**Your task:** Go through the listing below and repeat it exactly, dropping the pictures.

**Given data:**
◆ ◆ ◆
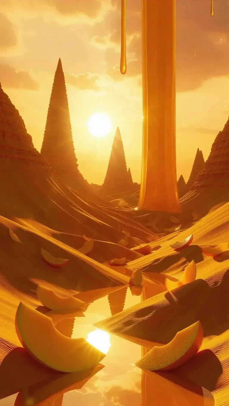 Explore "Mangorift: The Horizon That Drips" – an AI-generated surreal desertscape where mango-slice dunes meet golden sky ribbons. Discover secret fruit temples, shimmering juice mirages, and memory-trading travelers in this AI art realm. Crafted with vivago.ai, blending fantasy storytelling, dual suns, and juicy textures for visionary creative inspiration.
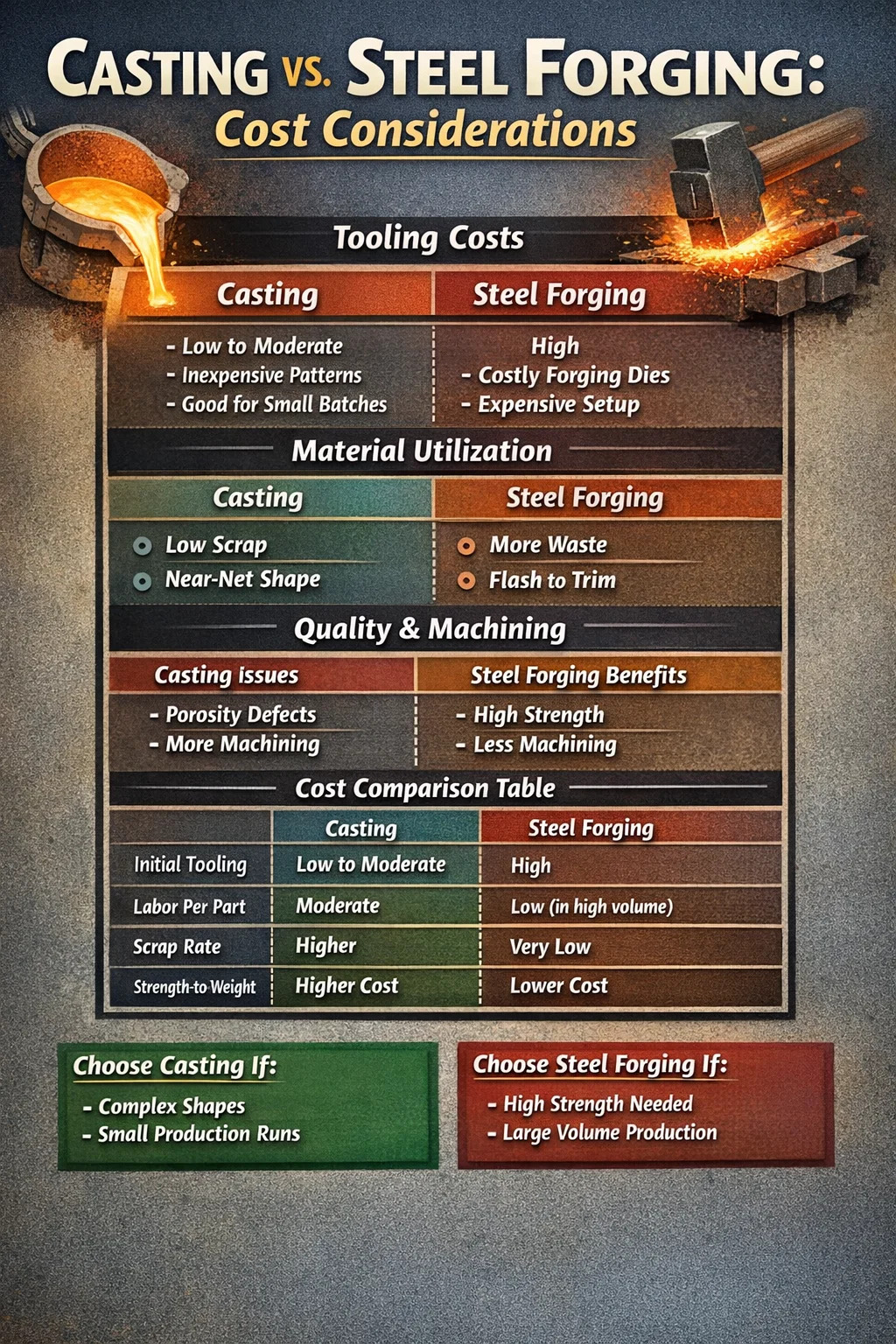 Ang pag-cast ay nagbibigay-daan para sa "near-net-shape" na produksyon. Dahil pinupuno ng likidong metal ang bawat siwang ng amag, napakakaunting scrap. Ginagawa nitong mas mura ang paghahagis kapag gumagamit ng mga mamahaling haluang metal. Sa kaibahan, pagpapanday ng bakal kadalasang nagreresulta sa "flash"—labis na metal na naiipit sa pagitan ng mga dies—na dapat putulin at i-recycle. Gayunpaman, para sa karaniwang carbon steel, ang halaga ng basurang ito ay kadalasang nababawasan ng higit na bilis ng pagpapanday ng mga martilyo.
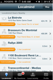 Users signup using their Foursquare, Gowalla, or Facebook Places account. Every time they check in with their location-based service on Localmind, they can be sent a question about that location. The startup’s iOS, Android and web app will show you who has checkin to a given location using LocalMind, and you can send questions about a venue to users.
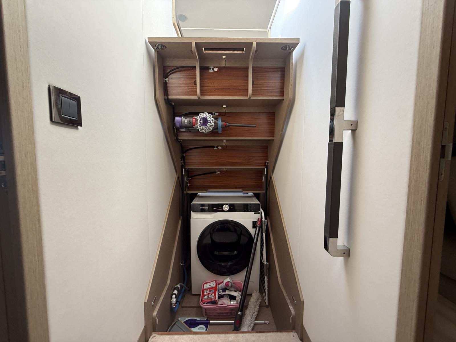 Intérieur Luxe : Micro-ondes Miele, lave/sèche-linge, lave-vaisselle, clim tropicale 137k BTU + marin 8k BTU, TV 43" salon/proprio/VIP (pré-câblage complet), matelas ressorts, moquette Élégance, parquet chêne blanchi, table salon pliable luxe, coffre-fort, meuble rangement, tiroirs cuisine laqués.
◆ ◆ ◆
**Answer to this problem:**
 Explore "Mangorift: The Horizon That Drips" – an AI-generated surreal desertscape where mango-slice dunes meet golden sky ribbons. Discover secret fruit temples, shimmering juice mirages, and memory-trading travelers in this AI art realm. Crafted with vivago.ai, blending fantasy storytelling, dual suns, and juicy textures for visionary creative inspiration.
 Ang pag-cast ay nagbibigay-daan para sa "near-net-shape" na produksyon. Dahil pinupuno ng likidong metal ang bawat siwang ng amag, napakakaunting scrap. Ginagawa nitong mas mura ang paghahagis kapag gumagamit ng mga mamahaling haluang metal. Sa kaibahan, pagpapanday ng bakal kadalasang nagreresulta sa "flash"—labis na metal na naiipit sa pagitan ng mga dies—na dapat putulin at i-recycle. Gayunpaman, para sa karaniwang carbon steel, ang halaga ng basurang ito ay kadalasang nababawasan ng higit na bilis ng pagpapanday ng mga martilyo.
 Users signup using their Foursquare, Gowalla, or Facebook Places account. Every time they check in with their location-based service on Localmind, they can be sent a question about that location. The startup’s iOS, Android and web app will show you who has checkin to a given location using LocalMind, and you can send questions about a venue to users.
 Intérieur Luxe : Micro-ondes Miele, lave/sèche-linge, lave-vaisselle, clim tropicale 137k BTU + marin 8k BTU, TV 43" salon/proprio/VIP (pré-câblage complet), matelas ressorts, moquette Élégance, parquet chêne blanchi, table salon pliable luxe, coffre-fort, meuble rangement, tiroirs cuisine laqués.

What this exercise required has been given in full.